14.- In definitiva, devono essere rigettati il ricorso per revocazione della signora C. (R.G. 4287/17) ed il ricorso principale del sig. S. (R.G. 5527/16), mentre deve accogliersi il ricorso incidentale della signora C.. La sentenza impugnata va cassata in relazione all’accoglimento del ricorso incidentale, e la causa rinviata ad altra sezione della Corte d’appello di Milano – cui è demandato anche il regolamento delle spese del presente giudizio – che la riesaminerà tenendo conto dei rilievi di cui sub 13.

Ai sensi del D.P.R. n. 115 del 2002, art. 13, comma 1 quater, inserito dalla L. n. 228 del 2012, art. 1, comma 17, si dà atto della sussistenza dei presupposti per il versamento, da parte della ricorrente per revocazione e del ricorrente principale, del contributo unificato pari a quello previsto per il ricorso a norma dello stesso art. 13, comma 1-bis, dovuto.

P.Q.M.

La Corte, riuniti i giudizi, accoglie il ricorso incidentale della signora C., rigetta il ricorso per revocazione della stessa ed il ricorso principale del sig. S.. Cassa la sentenza impugnata in relazione all’accoglimento del ricorso incidentale e rinvia, anche per le spese del presente giudizio, ad altra sezione della Corte d’appello di Milano.
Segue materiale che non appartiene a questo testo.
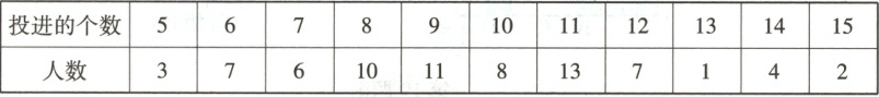 若投篮投进个数的中位数为$a$,众数为$b$,则$a + b$的值为(

Ai sensi del D.P.R. n. 115 del 2002, art. 13, comma 1 quater, inserito dalla L. n. 228 del 2012, art. 1, comma 17, dichiara la sussistenza dei presupposti per il versamento, da parte della ricorrente per revocazione e del ricorrente principale, del contributo unificato pari a quello previsto per il ricorso a norma dello stesso art. 13, comma 1-bis, se dovuto.

Così deciso in Roma, nella Camera di consiglio della Sezione Seconda Civile, il 9 luglio 2019.